2003 AIME II Problems/Problem 7

Problem

Find the area of rhombus $ABCD$ given that the circumradii of triangles $ABD$ and $ACD$ are $12.5$ and $25$ , respectively.

Solution

The diagonals of the rhombus perpendicularly bisect each other. Call half of diagonal BD $a$ and half of diagonal AC $b$ . The length of the four sides of the rhombus is $\sqrt{a^2+b^2}$ .
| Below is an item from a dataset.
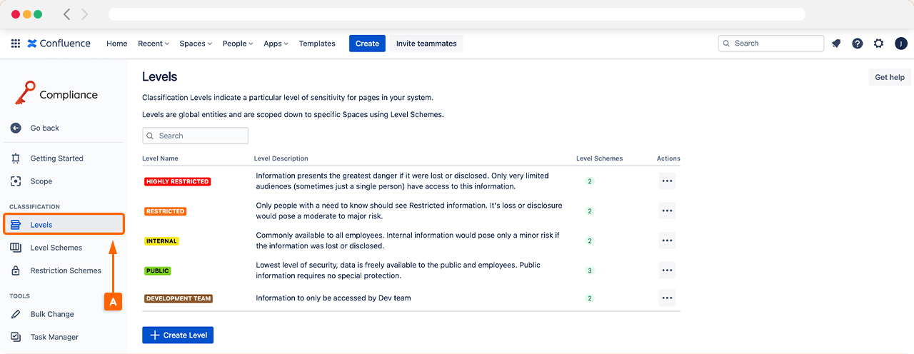 Classification levels are applied throughout Confluence using Level Schemes (B). Before creating a Level Scheme, you must decide whether your organization wants one set of classification levels for your entire Confluence instance or if you want to have different classification levels available across your spaces.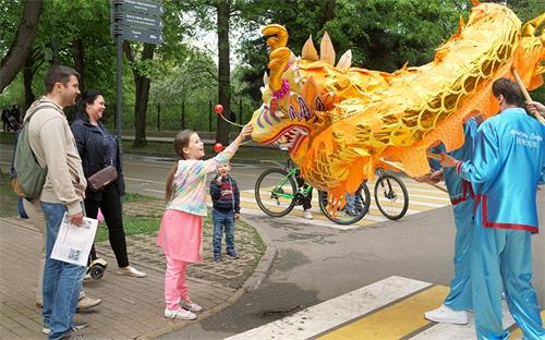 下午三点,法轮功学员的游行队伍开始缓缓行进,游行队伍由“仙女队”、“功法展示方阵”、“唐装队”、“舞龙队”、“腰鼓队”和“舞狮队”组成。沿着公园的主干道,伴随着“法轮大法好”的音乐徐徐行进,游人纷纷拿出手机等拍照录像。很多人收到了印有:“法轮大法好”和“真、善、忍”字样的小莲花,感到非常地高兴,接到信息传单后仔细阅读。

The area of any triangle can be expressed as $\frac{a\cdot b\cdot c}{4R}$ , where $a$ , $b$ , and $c$ are the sides and $R$ is the circumradius. Thus, the area of $\triangle ABD$ is $ab=2a(a^2+b^2)/(4\cdot12.5)$ . Also, the area of $\triangle ABC$ is $ab=2b(a^2+b^2)/(4\cdot25)$ . Setting these two expressions equal to each other and simplifying gives $b=2a$ . Substitution yields $a=10$ and $b=20$ , so the area of the rhombus is $20\cdot40/2=\boxed{400}$ .

Solution 2

Let $\theta=\angle BDA$ . Let $AB=BC=CD=x$ . By the extended law of sines, $\frac{x}{\sin\theta}=25$ Since $AC\perp BD$ , $\angle CAD=90-\theta$ , so $\frac{x}{\sin(90-\theta)=\cos\theta}=50$ Hence $x=25\sin\theta=50\cos\theta$ . Solving $\tan\theta=2$ , $\sin\theta=\frac{2}{\sqrt{5}}, \cos\theta=\frac{1}{\sqrt{5}}$ . Thus $x=25\frac{2}{\sqrt{5}}\implies x^2=500$ The height of the rhombus is $x\sin(2\theta)=2x\sin\theta\cos\theta$ , so we want $2x^2\sin\theta\cos\theta=\boxed{400}$

~yofro

Video Solution by Sal Khan

https://www.youtube.com/watch?v=jpKjXtywTlQ&list=PLSQl0a2vh4HCtW1EiNlfW_YoNAA38D0l4&index=16 - AMBRIGGS

2003 AIME II (Problems • Answer Key • Resources)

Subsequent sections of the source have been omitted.